Elevationdata are useful too, if contrast and color isn't set too high as it is in most of the newer maps. 

Posts 782
LogosEmployee
Sean Boisen | Forum Activity | Replied: Sat, Nov 1 2014 5:12 PM

Adam Olean:

This would be excellent! I for one am very excited about the maps that you guys are working on. Even the UI improvements shows that you have been listening to feedback. I think it would be unfortunate, however, to build such high-quality maps and yet have no way to ascertain the elevation of the various regions. The change in elevation across ancient Israel alone (from the Coastal Plain to the Transjordan and from Dan to Beersheba!) is one of its most distinctive characteristics. This is reflected throughout Scripture and throughout biblical history (e.g., politically, militarily, economically, literarily, etc.).
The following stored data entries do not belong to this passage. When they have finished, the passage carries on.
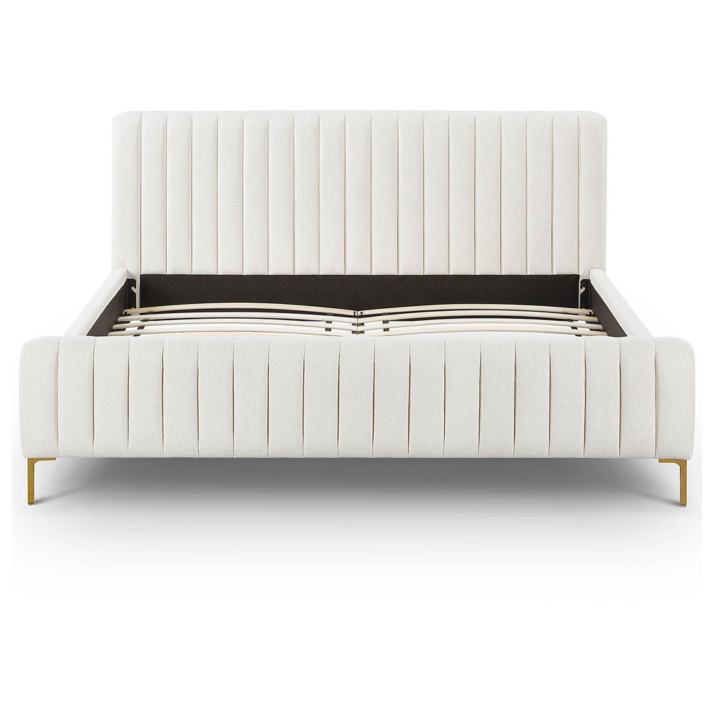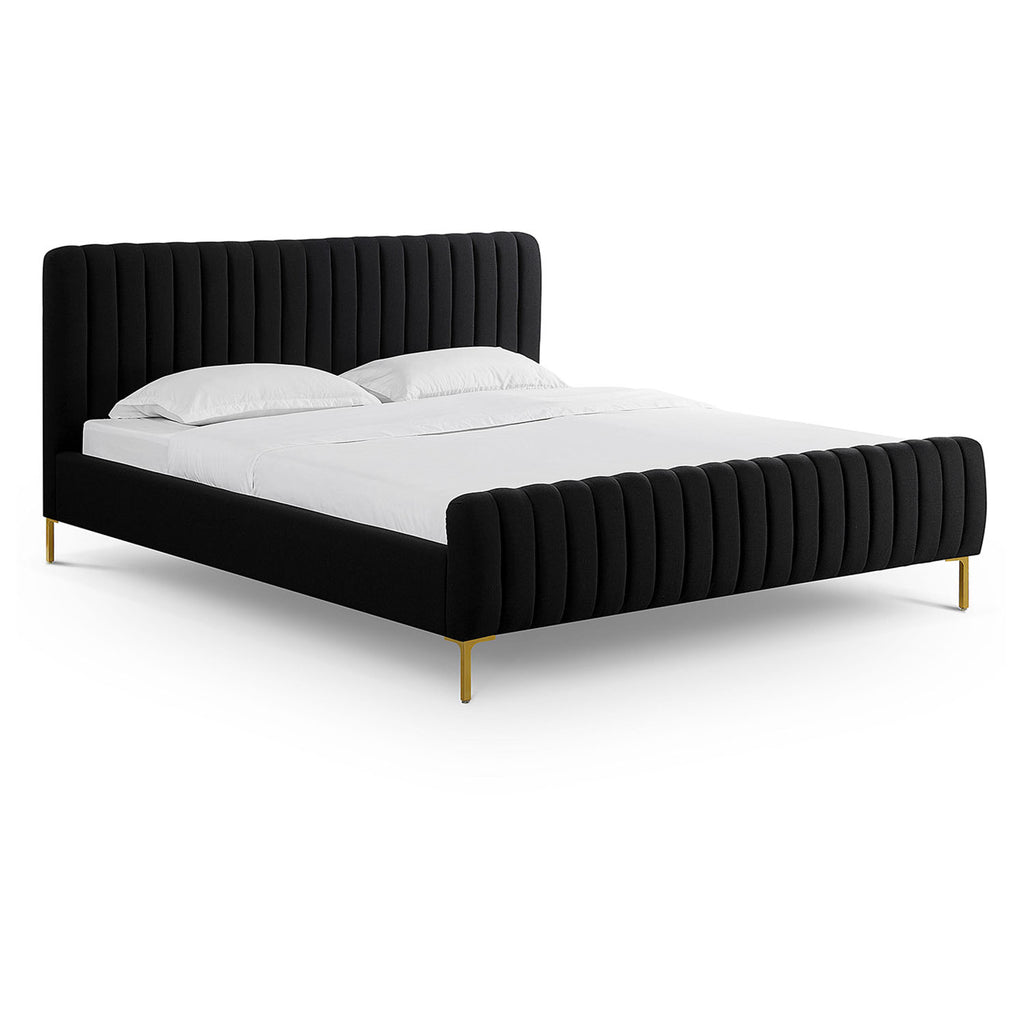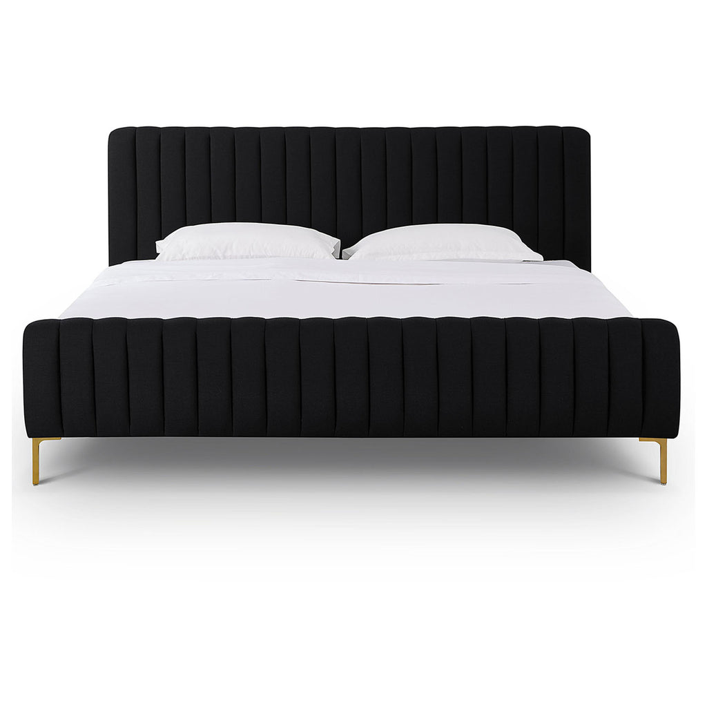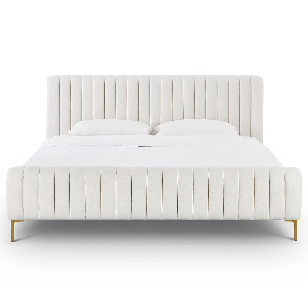 We can't guarantee your dreams will come true, but at least we can help you dream in style. The Angela bed features glam design, channel tufting and gold legs that pop against the sumptuous upholstery. Available in queen or king and multiple color and fabric options.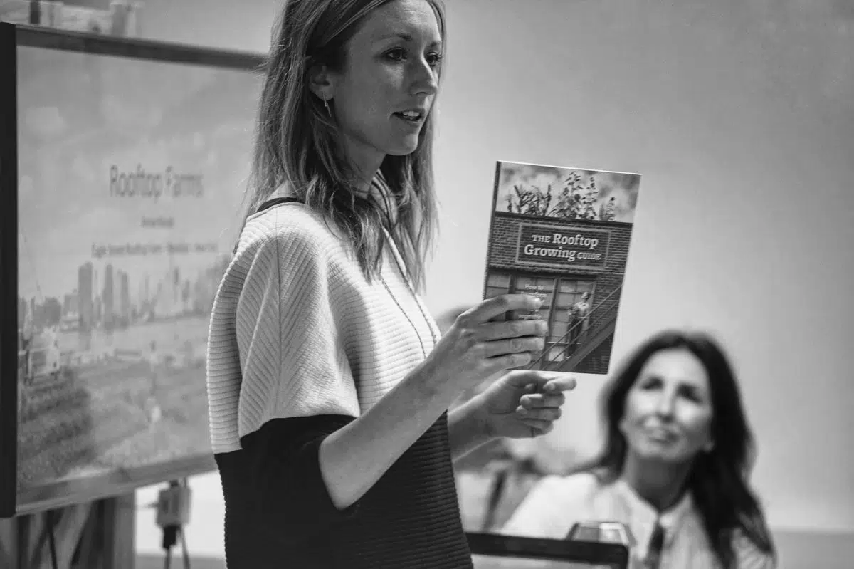 Annie nos explicaba cómo esto, además de ser un buen negocio, es un recurso muy potente de cambio medioambiental. ¡Construyendo huertos en los tejados podemos ayudar a bajar la temperatura de ciudades como Nueva York!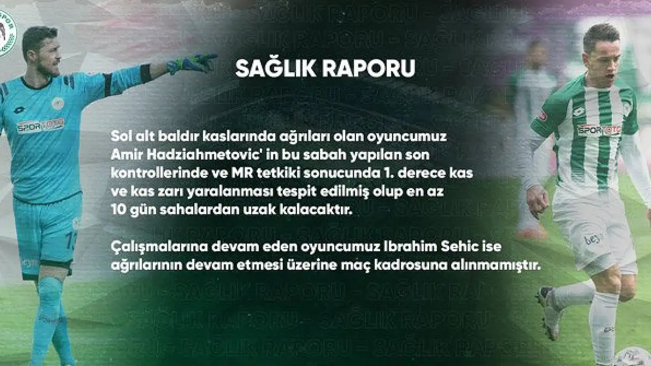 Yeşil beyazlılardan yapılan açıklamada, "Sol alt baldır kaslarında ağrıları olan oyuncumuz Amir Hadziahmetovic'in bu sabah yapılan son kontrollerinde MR tetkiki sonucunda 1. derece kas ve kas zarı yaralanması tespit edilmiş olup en az 10 gün sahalardan uzak kalacaktır.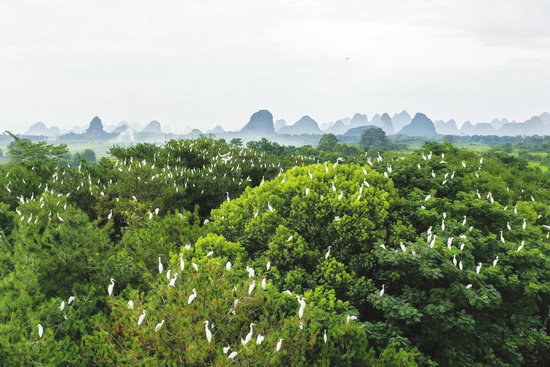2022年全國兩會期間,代表委員們圍繞持續(xù)改善生態(tài)環(huán)境,推動綠色低碳發(fā)展建言獻策,為建設美麗中國貢獻智慧力量。圖為鷺鳥在廣西桂林市臨桂區(qū)四塘鎮(zhèn)王家村棲息。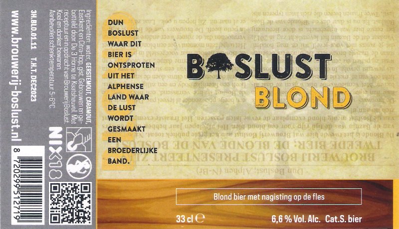 | Biernaam op etiket | Blond |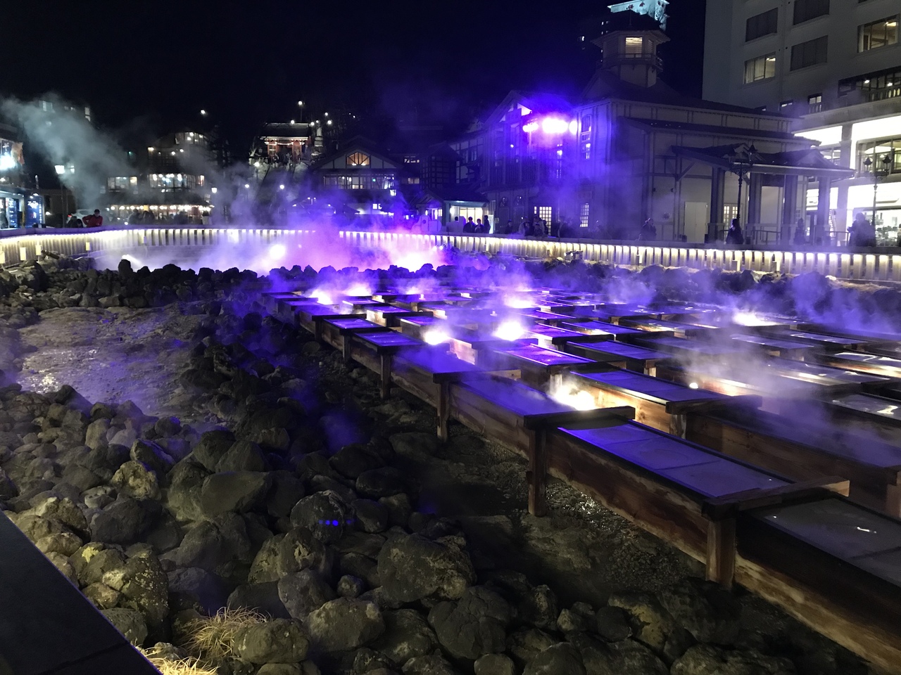 草津温泉:湯畑イルミネーション、湯けむりにより変わる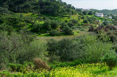 We liepen 19km, eerst van Tanoeiro tot voor Azinhal (rode spoor, 9km) en daarna van Azinhal naar Alcaria (gele spoor, 10km). Het paarse spoor van 4km tot in Azinhal hebben we niet gelopen omdat Primavera het nodig vond om een bus in te zetten.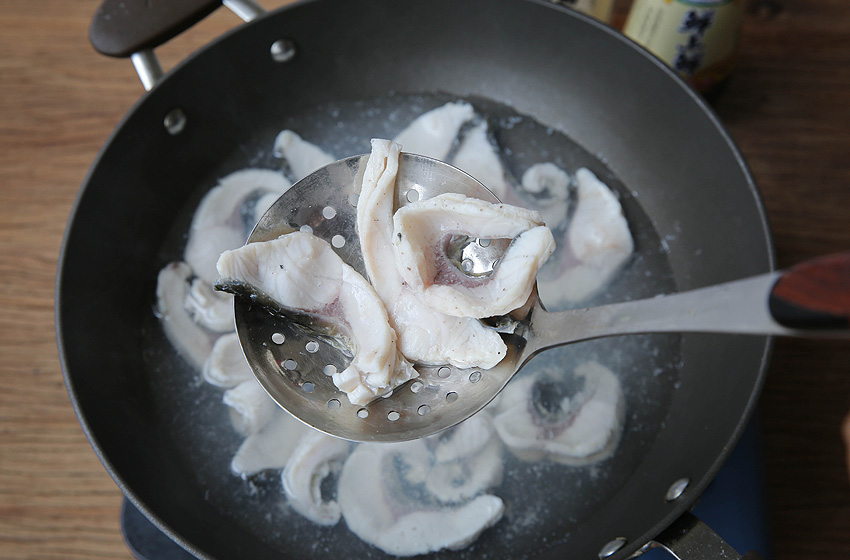 鱼片浮起快速捞起,鱼片沥干放入盘中。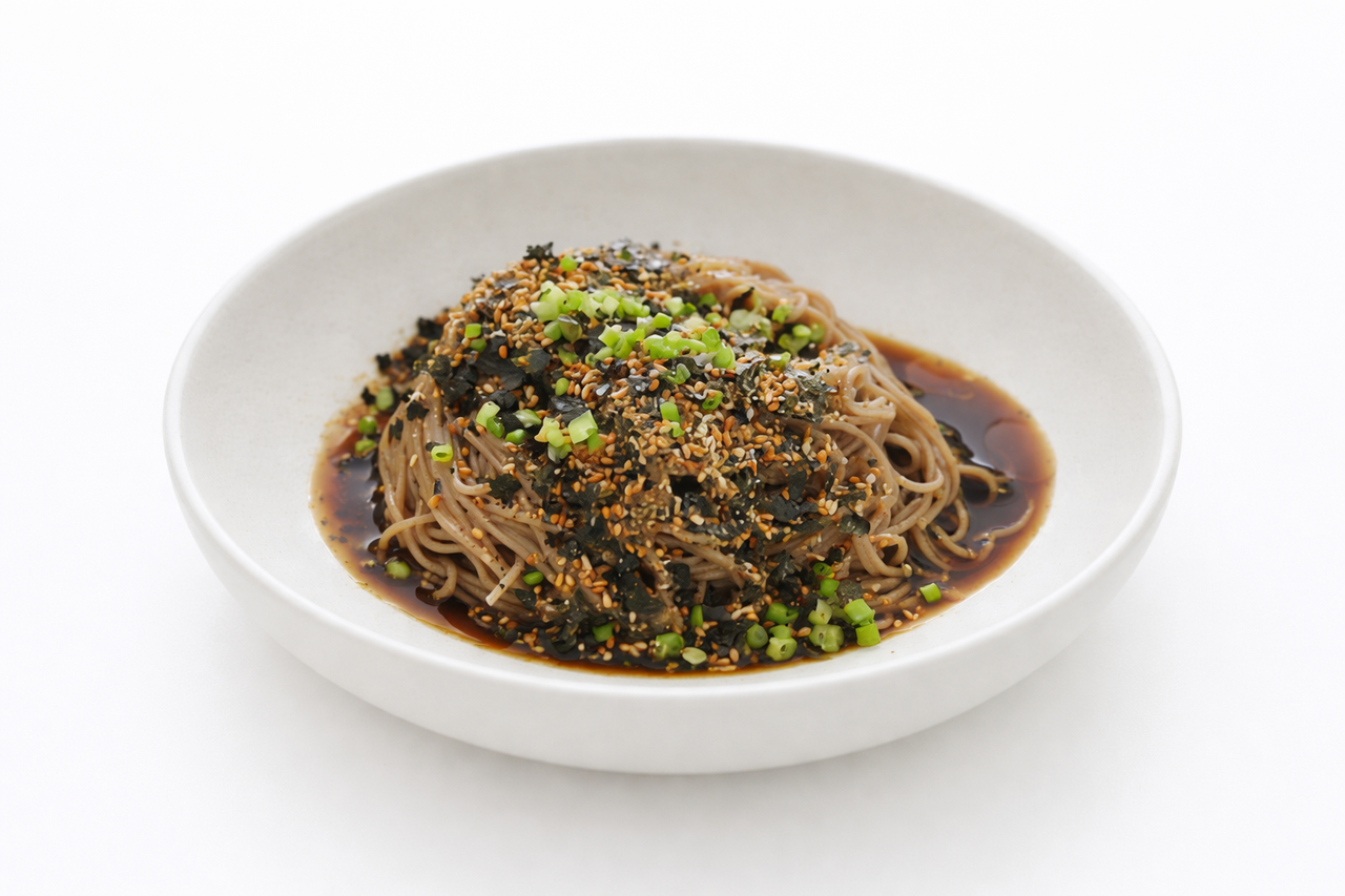 삶은 막국수 면에 막국수 쯔유를 넣고 버무린 후 조미김가루와, 들깨가루, 쪽파 등 고명을 올려 배식합니다.

My primary frustration with the maps so far (besides some performance issues) is that some regions on the Biblical World maps require you to zoom in way too far before any indicators for cities appear. For just one example, on the "Biblical World—Early Church" map, this is a problem for several of the seven churches in province of Asia. It makes it difficult to see many cities at once even on a fairly large widescreen monitor. This makes it more difficult to relate them to one another and to other relatively nearby cities. It is even worse on my laptop screen, which is probably larger than most. That said, I assume that some of these things are a work in progress.

Keep up the good work!

Thanks Adam. The elevation is directly reflected in the shading on the maps, as this example shows, with the steep decline down to Jericho and the area around the Jordan.

The over-eager zoom on the Biblical World maps should be improved in the 6.0a release. We also need to make some adjustments on the Early Church map specifically so some of the cities appear sooner as you zoom in.